Nevada’s rapidly diversifying electorate didn’t widen the Democratic margin of victory in the state’s presidential election between 2016 and 2020, suggesting that newly activated voters of color may not be as reliably Democratic as previously thought, a new analysis released Wednesday by Democratic voter data analysis firm Catalist shows.

While Nevada’s Latino community has long served as a bulwark for Democrats, Catalist’s report found that President Joe Biden’s margin of victory in the state remained even with former Secretary of State Hillary Clinton’s win four years earlier — despite overall growth of the Latino electorate — as Latino voters by and large shifted away from the Democratic Party. The most reliably Democrat subsets of Latinos, including younger, non-college educated and female voters, saw the biggest shifts, though they remain steadfastly Democratic.

The report’s findings gesture to some of the questions Democrats face in the upcoming election cycle as they decide which subsets of the electorate to target and how to do so. Catalist examined both Nevada and Wisconsin in the new report.

“Nevada is just a very interesting state. Given how large the Latino population is and how relatively small the white population is relative to the country as a whole, it actually is one of the places where we didn't see Biden improve in the real same way in his margin relative to Clinton that happened almost every other place,” said Jonathan Robinson, director of research for Catalist and the report’s author.

Catalist’s report found a significant number of first-time voters participated in the 2020 election but noted that newly activated voters — for instance, among the Latino population — are often less politically polarized, meaning they are less likely to vote the way demographically similar, longstanding voters do. That means Democrats may not be able to count on the support of new voters of color in the same way they rely on longtime voters of color to carry them to victory.

“In many ways, Nevada encapsulates some of the most conventional-wisdom-defying aspects of the 2020 election cycle, with dramatic increases in turnout and a fast diversifying electorate resulting in a similarly narrow victory in the state,” the report said.

Among the report’s other Nevada-specific findings: a substantial jump in the number of Asian American and Pacific Islander voters; a divergence from the national trend with white college and non-college educated voters’ support for Democrats; a significant shift in the demographics of mail voters; and a sizable influx of new Nevada voters.

Catalist’s analysis relies on a pooled model, meaning estimates are derived from national models, granular election results, survey data in states, demographic modeling and other “building blocks,” according to the report. It cautions that statistical analysis of smaller populations and subpopulations “come with higher levels of uncertainty.”
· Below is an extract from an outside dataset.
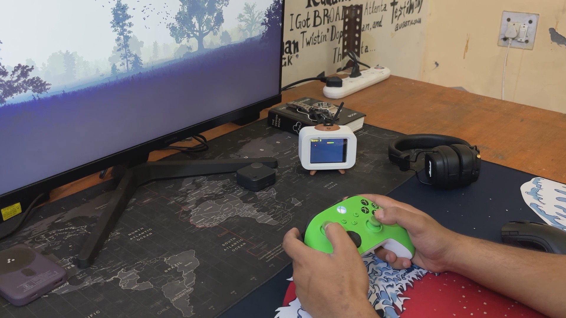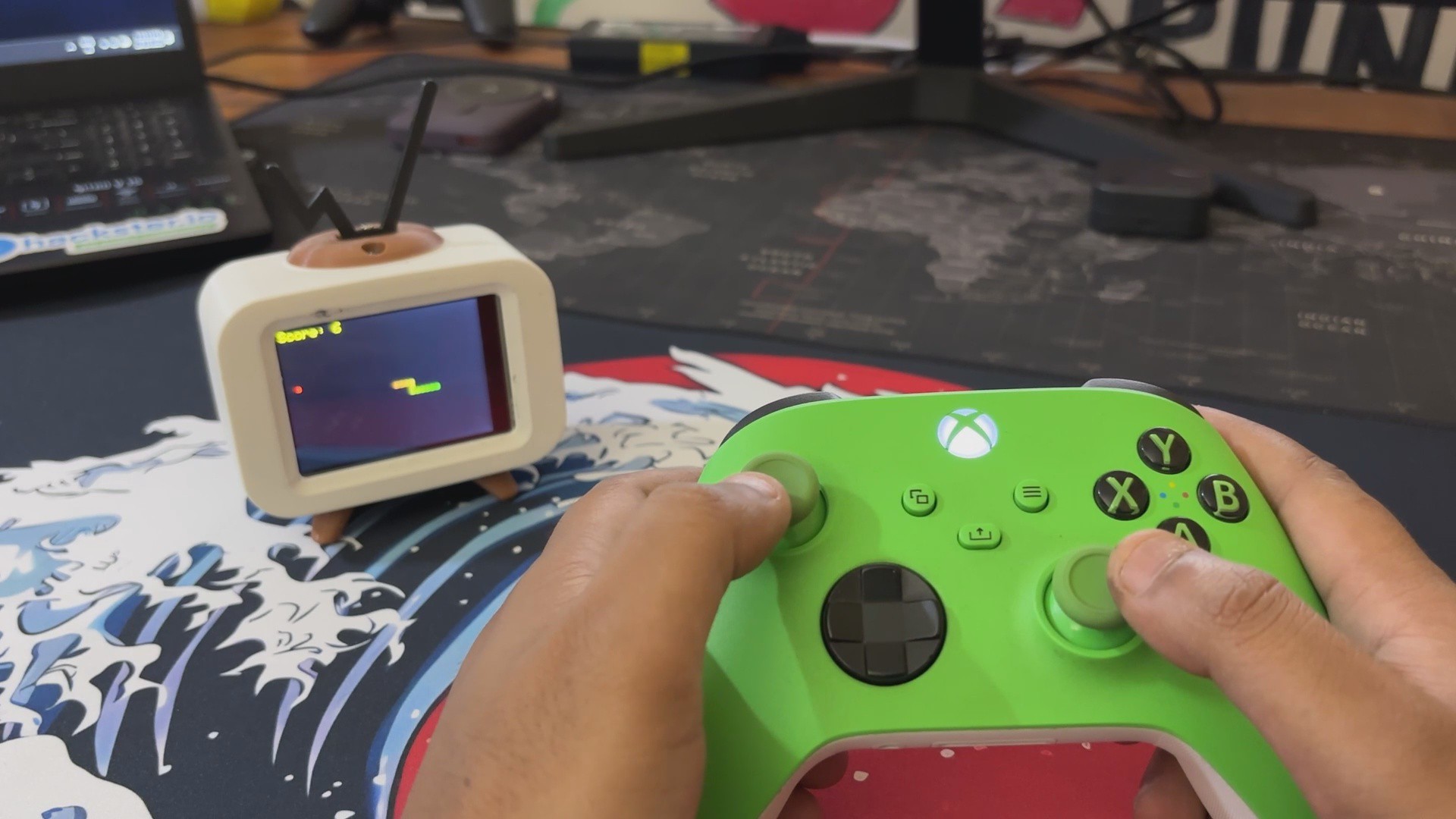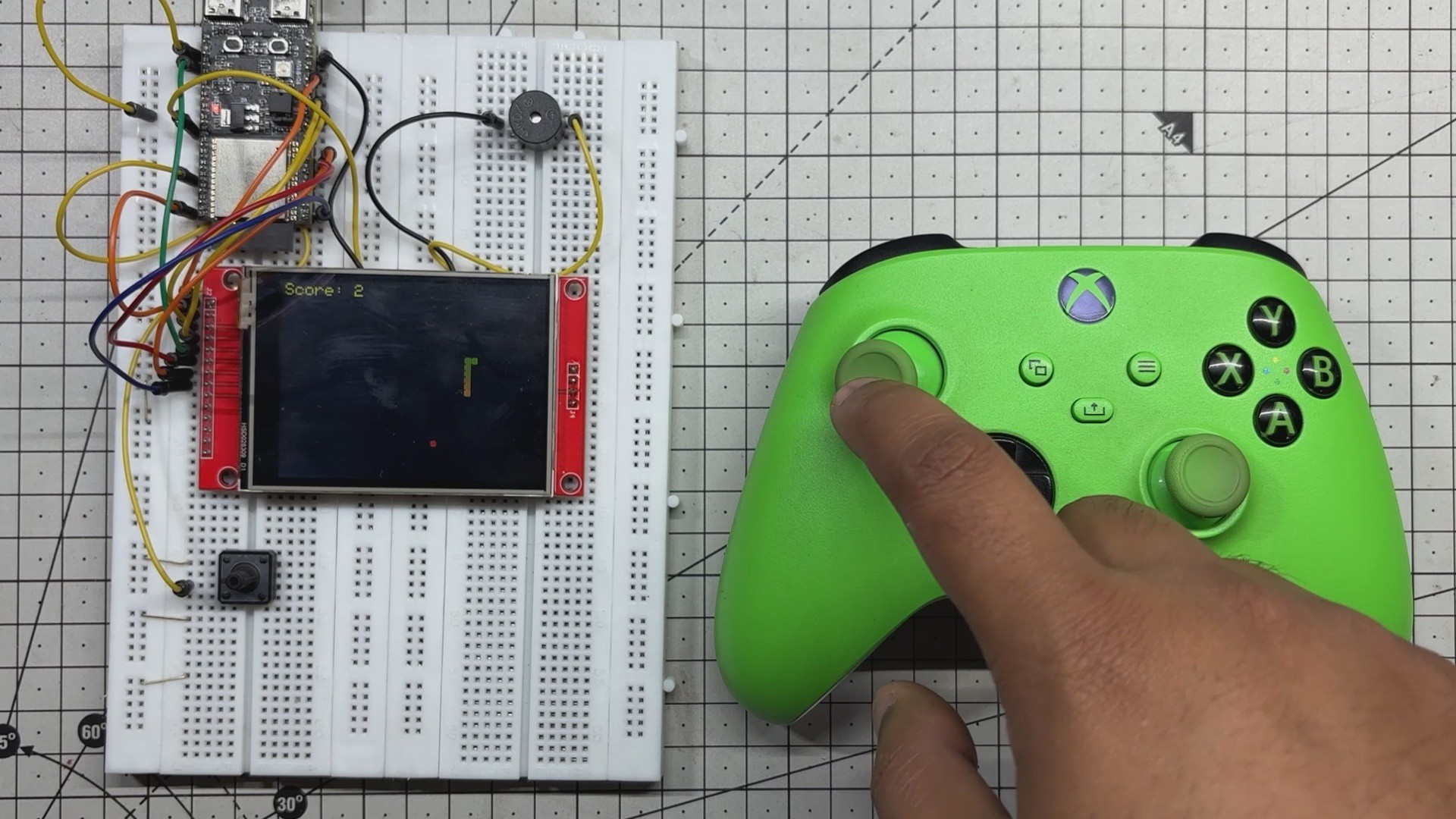 The game logic is handled through a dedicated ESP32 library called BLEGamepadClient, which makes the Xbox controller pairing seamless. A buzzer adds tactile feedback when food is picked up, and a mode-switch button toggles between clock and game modes.

Below, The Nevada Independent explores some of the report’s most notable findings.

Joe Biden won Nevada by the same margin of victory as Hillary Clinton, despite a massive increase in voter turnout

While Biden outperformed Clinton in 2016 nationally, that wasn’t true in Nevada. The report found that Nevada and Florida were the only two states where Democrats lost ground or performed just as well as they did in the final vote margin compared to 2016. 

Both Clinton and Biden won Nevada by 2.4 percentage points, with the former winning the state by about 27,000 votes, compared to about 34,000 for the latter.

The report, however, noted that the “relatively similar” margins “obscure important changes in Nevada’s electorate since 2016.” 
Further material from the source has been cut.